I could move that into this series if you prefer. If we do that though,
then it might also be cleaner to take the previous patch in the series
that cleans up __break_lease() arguments:
https://lore.kernel.org/linux-nfs/20250924-dir-deleg-v3-14-9f3af8bc5c40@kernel.org/
Let me know what you'd prefer.
> > *
> > * Create a directory.
> > *
> > @@ -4427,7 +4428,8 @@ SYSCALL_DEFINE3(mknod, const char __user *, filename, umode_t, mode, unsigned, d
> > * In case of an error the dentry is dput() and an ERR_PTR() is returned.
> > */
> > struct dentry *vfs_mkdir(struct mnt_idmap *idmap, struct inode *dir,
> > - struct dentry *dentry, umode_t mode)

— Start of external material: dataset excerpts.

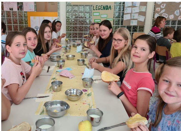
Tradicionalni slovenski zajtrk
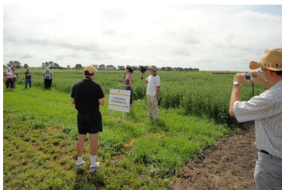
Journée de rencontre –activités participatives de sélection des variétés

Les producteurs biologiques ont eu une profonde influence sur la direction qu'allait prendre le projet. En tant que groupe national de chercheurs en agriculture biologique, nous avons beaucoup questionné les producteurs afin d'établir les facteurs qui les limitaient. Cette approche stratégique a vraiment fonctionné et nous continuons d'en apprendre davantage sur leurs problèmes. Et l'industrie nous informe des tendances des nouveaux marchés. Il est très important d'étudier le marché, car une ferme est une entreprise.
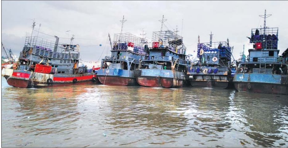
မြိတ်မြို့ဆိပ်ကမ်းတစ်ခု၌ ဆိုက်ကပ်ရပ်နားထားသော ငါးဖမ်းလှေများ။

“မြန်မာ့ပင်လယ်ပြင်မှာ မုတ်သုံရာသီမတိုင်မီ ငါးသားပေါက် အများအပြားပေါက်ပွားပြီး သယ်ဇာတအများဆုံးရှိနိုင်တဲ့ ဖေဖော်ဝါရီဒုတိယပတ်ကနေ မေလဒုတိယပတ်အထိ သုံးလအတွင်း ငါးဖမ်းရာသီ ပိတ်သိမ်းသင့်တယ်ဆိုပြီး သုတေသနရလဒ်ပေါ်ထွက်လာတယ်။ အဲဒီအပေါ်မှာ ကျွန်တော်တို့က ၂၀၂၀ ပြည့်နှစ်မှာ Stakeholder အစည်းအဝေးလုပ်လိုက်တယ်။ ၂၀၂၁ ခုနှစ်မှာ မေ၊ ဇွန်၊ ဇူလိုင်လတွေကို ပိတ်မယ်။ ၂၀၂၂ ခုနှစ်မှာတော့ ဧပြီ၊ မေ၊ ဇွန်လတွေကို ပိတ်မယ်။ ၂၀၂၃ ခုနှစ်မှာတော့ မတ်၊ ဧပြီ၊ မေလတွေကို ပိတ်မယ်ဆိုပြီးတော့ သဘော
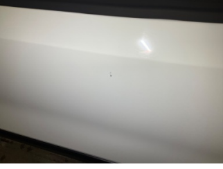
Kapı, sol ön, Kapı, sol ön > Taş izi
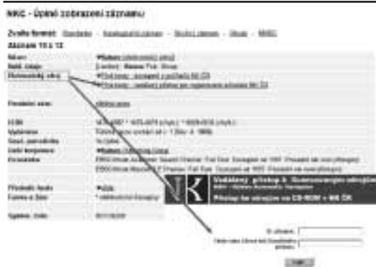
Příklad – záznam časopisu Nature z báze NKC, který je dostupný v plném textu (v bázi EBSCO) i mimo knihovnu prostřednictvím vzdáleného přístupu.

Pro přihlášení do systému využívá NK ČR stejné přihlašovací údaje, které čtenáři používají při objednání dokumentů v on-line katalogu – bázi NKC a katalogu Slovanské knihovny. Systém obsahuje informace o všech on-line licencovaných zdrojích NK ČR,
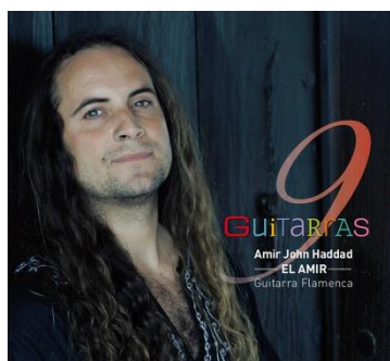
"9 GUITARRAS", 2013
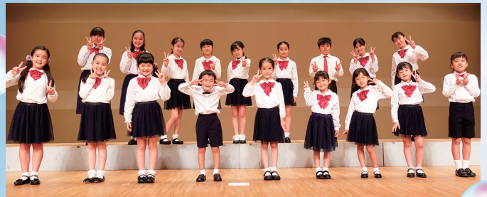
すがも児童合唱団
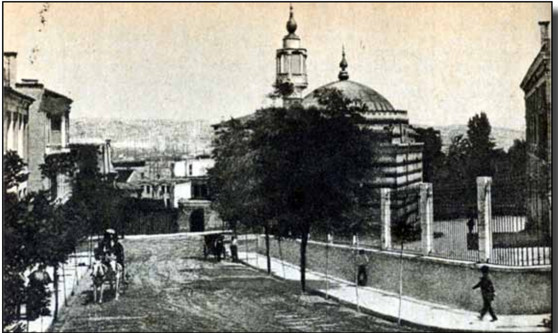
Eskiden bazı edebiyatçıların oturduğu Babiali'ye ait eski bir fotoğraf.
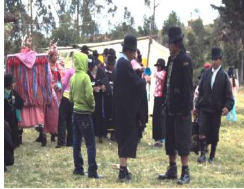
Figura # 70. Priestes celebrando con la bebida de mayorca
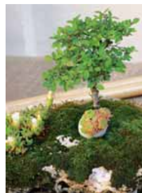
Bonsaje jsou nádherné na pohled, ale jejich pěstování je nesmírně obtížné. Přidáním mchu a podobných věcí dosáhneme lepšího estetického výsledku.

Další výstavu můžete navštívit 11. a 12. srpna ve Slatinicích.
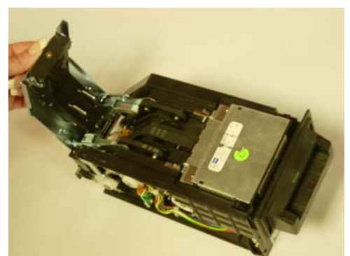
Abra atras el camino del billete
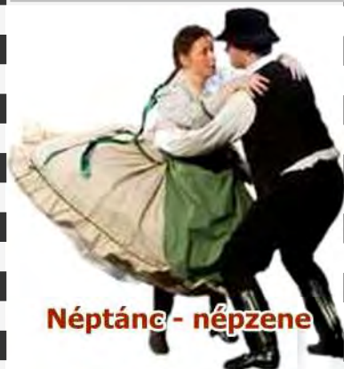
Néptánc - népzene
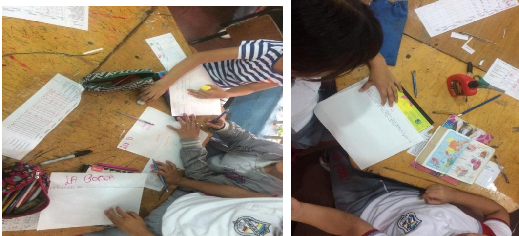
Fig. 5. Evidencia 3

A partir de esta actividad se lograba reforzar el proceso lectoescritor de los niños resaltado la importancia que tiene los valores en una persona.
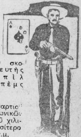
Ο σκοπευτῆς Μπίλ Μπέμς
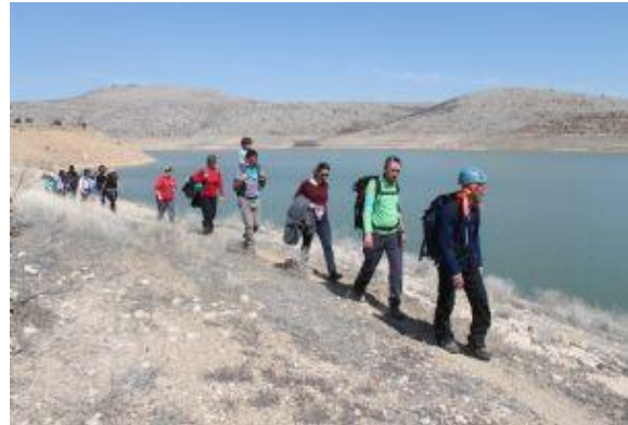
Şekil 4. KARDOF Gödet Barajı Gezisi

Gökçe köyü yakınındaki Gödet Barajı Karaman Doğa Sporları ve Fotoğrafçılık Derneği gezisine ev sahipliği yapmış olmakla beraber doğa yürüyüşlerinde de önemli bir potansiyele sahiptir.
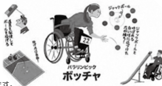
ボッチャイメージ
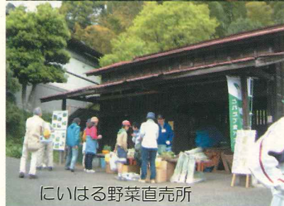
にいほる野菜直売所

編集後記 久しぶりの新聞の発行で大変お待たせしました。梅田川を取り巻く環境はここ数年大きく変わってきています。環境面では水田保全ボランティアのみなさんのおかげで今年の6月には例年になく多くのホタルが観察できました。とても感動的でした。また、市民の森愛護会のみなさんの努力によって森が明るくなり、山野草が多く見られるようになりました。しかし、盗掘も多くなりヤマユリが急に見られなくなりました。また、3年前から始まっている三保町の宅地開発で多くの森が無くなり、私が小学校の頃、通学路にしていた天神山（昔、カブトムシがいっぱいとれた雑木林）の道が無くなってしまいました。したがって梅田川流域マップも書き換えなくてはなりません。とても悲しいことです。明るいニュースとして水
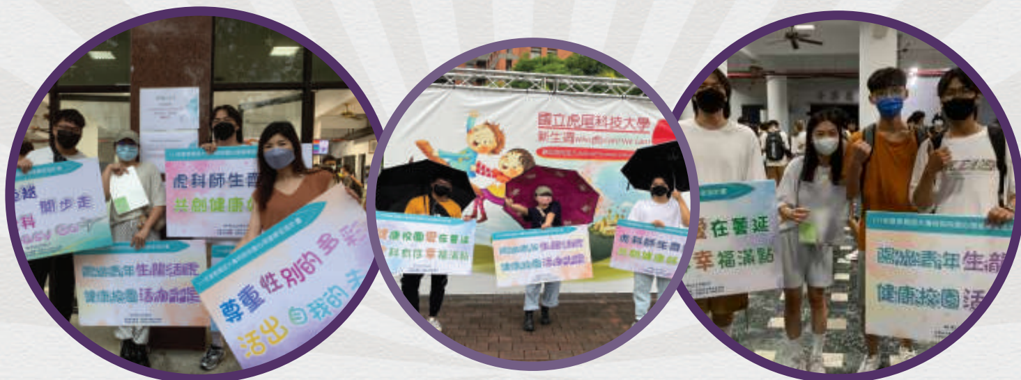
▶ 師生共創校園健康氛圍
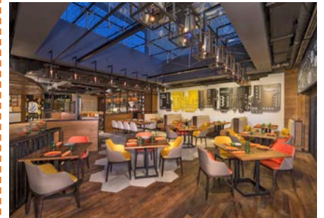
Restaurant im Hyatt Regency
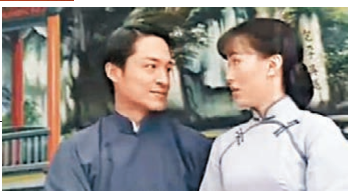
馬景濤較為港人熟悉是《再見艷陽天》。電視截圖
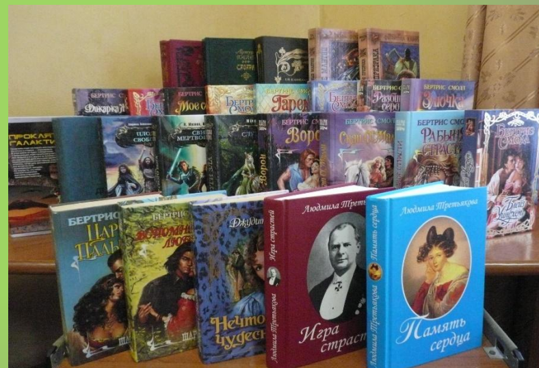
«Дарите книги с
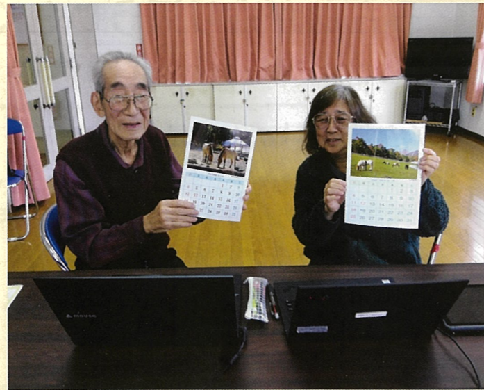
パソコンサークルのお二人 (ワードでカレンダーを作りました♪)

活動日：毎月第1木曜日 時間：13:00~16:00 場所：芝中団地管理事務所集会所（ロ号棟） 参加費：実費（印刷代等）

> > + struct dentry *dentry, umode_t mode,
> > + struct inode **delegated_inode)
> > {
> > int error;
> > unsigned max_links = dir->i_sb->s_max_links;
> > @@ -4450,6 +4452,10 @@ struct dentry *vfs_mkdir(struct mnt_idmap *idmap, struct inode *dir,
> > if (max_links && dir->i_nlink >= max_links)
> > goto err;
> >
> > + error = try_break_deleg(dir, delegated_inode);
> > + if (error)
> > + goto err;
> > +
> > de = dir->i_op->mkdir(idmap, dir, dentry, mode);
> > error = PTR_ERR(de);
> > if (IS_ERR(de))
> > @@ -4473,6 +4479,7 @@ int do_mkdirat(int dfd, struct filename *name, umode_t mode)
> > struct path path;
> > int error;
> > unsigned int lookup_flags = LOOKUP_DIRECTORY;
> > + struct inode *delegated_inode = NULL;
> >
> > retry:
> > dentry = filename_create(dfd, name, &path, lookup_flags);
> > @@ -4484,11 +4491,16 @@ int do_mkdirat(int dfd, struct filename *name, umode_t mode)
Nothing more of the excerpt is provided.